GIVEN INFORMATION section start

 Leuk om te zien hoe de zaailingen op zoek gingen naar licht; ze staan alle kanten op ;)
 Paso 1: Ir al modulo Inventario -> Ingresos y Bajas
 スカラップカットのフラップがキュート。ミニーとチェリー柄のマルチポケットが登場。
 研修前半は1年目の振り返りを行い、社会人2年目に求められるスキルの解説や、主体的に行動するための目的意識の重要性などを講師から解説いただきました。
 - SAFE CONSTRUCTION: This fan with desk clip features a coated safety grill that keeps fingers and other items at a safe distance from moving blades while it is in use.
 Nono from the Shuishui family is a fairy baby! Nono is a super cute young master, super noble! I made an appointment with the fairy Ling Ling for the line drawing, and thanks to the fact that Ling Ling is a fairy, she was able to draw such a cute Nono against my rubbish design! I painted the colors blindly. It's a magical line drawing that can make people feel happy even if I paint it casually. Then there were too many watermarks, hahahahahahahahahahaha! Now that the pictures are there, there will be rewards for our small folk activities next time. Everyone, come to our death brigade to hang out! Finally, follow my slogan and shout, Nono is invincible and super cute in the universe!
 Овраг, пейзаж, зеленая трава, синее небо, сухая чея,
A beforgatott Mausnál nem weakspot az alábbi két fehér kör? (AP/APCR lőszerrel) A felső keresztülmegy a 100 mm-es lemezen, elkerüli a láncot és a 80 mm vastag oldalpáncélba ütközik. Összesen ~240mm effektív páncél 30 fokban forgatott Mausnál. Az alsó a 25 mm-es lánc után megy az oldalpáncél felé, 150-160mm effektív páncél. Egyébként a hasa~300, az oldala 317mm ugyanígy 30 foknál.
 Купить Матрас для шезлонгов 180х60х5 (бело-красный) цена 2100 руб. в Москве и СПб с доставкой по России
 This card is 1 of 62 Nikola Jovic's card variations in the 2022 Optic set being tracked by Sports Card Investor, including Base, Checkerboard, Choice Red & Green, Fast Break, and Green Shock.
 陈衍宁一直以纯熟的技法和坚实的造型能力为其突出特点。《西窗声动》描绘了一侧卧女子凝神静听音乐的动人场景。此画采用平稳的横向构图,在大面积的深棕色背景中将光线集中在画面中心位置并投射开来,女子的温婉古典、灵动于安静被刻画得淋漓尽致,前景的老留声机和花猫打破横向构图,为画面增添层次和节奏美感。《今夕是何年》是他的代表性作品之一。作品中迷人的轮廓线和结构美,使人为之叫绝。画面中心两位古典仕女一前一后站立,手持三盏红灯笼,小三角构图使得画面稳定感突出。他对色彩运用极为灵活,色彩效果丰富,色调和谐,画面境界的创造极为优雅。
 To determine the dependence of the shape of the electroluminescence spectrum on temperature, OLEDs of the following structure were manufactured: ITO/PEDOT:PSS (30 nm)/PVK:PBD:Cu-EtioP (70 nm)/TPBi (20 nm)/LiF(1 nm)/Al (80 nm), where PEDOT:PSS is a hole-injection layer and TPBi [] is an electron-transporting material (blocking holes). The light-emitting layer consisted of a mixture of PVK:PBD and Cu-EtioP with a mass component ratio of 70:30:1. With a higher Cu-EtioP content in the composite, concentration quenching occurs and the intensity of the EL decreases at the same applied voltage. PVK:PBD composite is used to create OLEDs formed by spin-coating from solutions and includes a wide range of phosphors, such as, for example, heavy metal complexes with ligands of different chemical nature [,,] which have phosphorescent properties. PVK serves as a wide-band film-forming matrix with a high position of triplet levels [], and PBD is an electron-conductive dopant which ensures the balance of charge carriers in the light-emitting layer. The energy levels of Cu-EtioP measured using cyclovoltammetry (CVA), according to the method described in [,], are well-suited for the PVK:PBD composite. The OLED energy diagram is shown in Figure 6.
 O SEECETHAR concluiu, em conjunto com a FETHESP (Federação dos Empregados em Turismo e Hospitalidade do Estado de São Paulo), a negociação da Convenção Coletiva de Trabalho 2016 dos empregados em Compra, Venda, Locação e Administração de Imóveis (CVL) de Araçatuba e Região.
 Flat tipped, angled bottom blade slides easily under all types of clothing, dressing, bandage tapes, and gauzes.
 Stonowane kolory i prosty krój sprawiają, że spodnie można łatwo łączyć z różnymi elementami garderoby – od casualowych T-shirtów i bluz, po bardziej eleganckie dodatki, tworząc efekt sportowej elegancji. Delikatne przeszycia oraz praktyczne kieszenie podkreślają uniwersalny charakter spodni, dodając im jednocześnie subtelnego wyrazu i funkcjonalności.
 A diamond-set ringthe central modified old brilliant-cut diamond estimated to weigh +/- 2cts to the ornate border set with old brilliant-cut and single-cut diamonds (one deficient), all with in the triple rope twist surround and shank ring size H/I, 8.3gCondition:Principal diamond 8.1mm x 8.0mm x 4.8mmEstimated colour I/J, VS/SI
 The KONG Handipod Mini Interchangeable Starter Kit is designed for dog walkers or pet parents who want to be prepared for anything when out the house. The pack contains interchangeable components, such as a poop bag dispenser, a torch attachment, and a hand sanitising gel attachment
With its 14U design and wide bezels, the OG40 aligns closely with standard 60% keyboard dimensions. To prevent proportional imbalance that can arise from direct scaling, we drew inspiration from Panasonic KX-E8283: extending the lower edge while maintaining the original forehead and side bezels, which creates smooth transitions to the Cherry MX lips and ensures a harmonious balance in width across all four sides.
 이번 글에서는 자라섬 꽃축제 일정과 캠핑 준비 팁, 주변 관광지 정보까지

GIVEN INFORMATION section end

In exact wording, restate the lines of the data above from the first through the one holding "研修前半は1年目の振り返りを", and stop after that line.

* _SOLUTION FOR THIS EXERCISE_:
 Leuk om te zien hoe de zaailingen op zoek gingen naar licht; ze staan alle kanten op ;)
 Paso 1: Ir al modulo Inventario -> Ingresos y Bajas
 スカラップカットのフラップがキュート。ミニーとチェリー柄のマルチポケットが登場。
 研修前半は1年目の振り返りを行い、社会人2年目に求められるスキルの解説や、主体的に行動するための目的意識の重要性などを講師から解説いただきました。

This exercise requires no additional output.